Особое задание для особо борзых военных состояло в обустройстве позиции для пулемета. Охудеть не встать. Магазинных винтовок тут нет, а пулеметы уже есть. Ну и времечко мне досталось в этом мире. Сплошняком сюрпризы поперли, стоило только в армию загреметь.

Техник-фельдъюнкер нашей роты по фамилии Або, худой и мосластый студиозус откуда-то с севера, чуть ли не с островов холодного моря, на которых живут только рыбаки, в маленьких кругленьких очочках-велосипедах и с жиденьким рыжим пухом над верхней губой, привел меня на правый фланг строящихся укреплений и показал вбитые в землю колышки.

– А почему позиция круглая? – искренне удивился я.

– Это чтобы лафет было удобнее поворачивать, – пояснил мне юнкер.

– Лафет у пулемета?! – воскликнул я и подумал, что Штирлиц никогда не был так близок к провалу. – Сколько же он весит?

– Чуть меньше тонны. Это с бронещитом. Расчет восемь человек, – не заметил студент моих оговорок. – Только одна загвоздка для такой позиции: площадка должна быть выровнена если не идеально, то приближенно к тому.

– Тогда нивелир нужен, – ляпнул я.

– Умеешь пользоваться нивелиром? – поднял юнкер очки на лоб, внимательно меня рассматривая.

– Смотря какой конструкции, – уклончиво ответил я. – Но без нивелира ровной площадки не будет. Так что нивелир сюда и чучело с рейкой. И будет тебе ровная площадка. Вот еще… – продолжил я грузить юнкера. – На какой высоте стоит на лафете тело пулемета и какой отрицательный наклон позволяет выставить лафет? Стрелять-то вниз придется.

Удивление прошло быстро. Во мне проснулся башенный пулеметчик БТР, которому в учебке показывали фотографию пулемета времен Русско-японской войны на орудийном лафете. Большая дура…

– Начинай пока, а я нивелир принесу, – бросил юнкер и побежал в расположение батальона, где вся такая тонкая строительная машинерия хранилась у инженера в палатке.

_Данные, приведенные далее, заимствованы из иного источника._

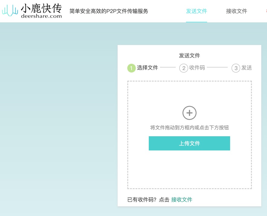 網站:https://deershare.com/進入網站後,直接將想要傳送的檔案拖曳進框框,或是點擊上傳文件後選擇檔案也是可以的。
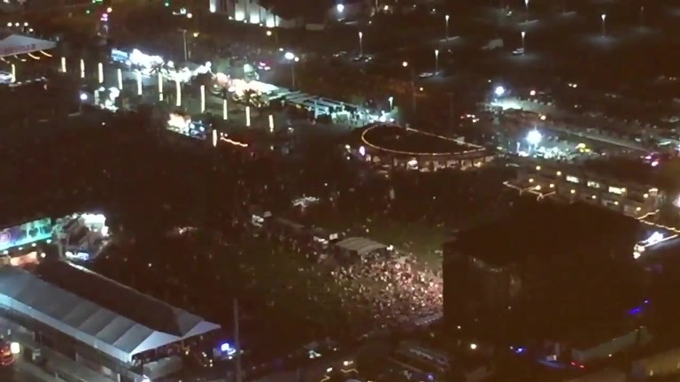Jessica Noble was standing about 30 people back from the concert stage at the Route 91 country music festival Sunday night when she heard five pops that sounded like firecrackers. A few seconds later a steady stream of gunfire erupted about 20 feet to her right.

А я посмотрел вниз, куда стрелять придется, и понял, что размеченная позиция просто бездарная. Не знаю, какой горизонтальный угол у этого пушечного лафета с пулеметом, но навряд ли большой. Градусов пять-семь, не больше, а позицию расчертили стрелять хоть и во фланг, но в противника, который будет двигаться гуськом по горной дороге, раскинувшейся перед нами, как сцена в театре. Это, считай, что с фронта по цепи лупить. Что не есть гуд, как говорил нам инструктор по стрелковому делу. Лучший пулеметный огонь – фланговый, когда одной пулей можно задеть сразу нескольких солдат противника. Даже если промажешь, то чуть дальше пуля свою жертву найдет. А по фронту цепи бить, так большинство пуль в «молоко» уйдет.

Походил, посмотрел на этот спускающийся с перевала серпантин дороги и понял, что для себя я бы позицию сместил еще вправо метров на пять и пару метров вперед. И это без разницы, что из совершенного пулемета Калашникова стрелять, что из митральезы с ручкой.

Наметил сектора обстрела, взял кайло, «нажал на кнопку» и стал ковырять лунки под новые колышки.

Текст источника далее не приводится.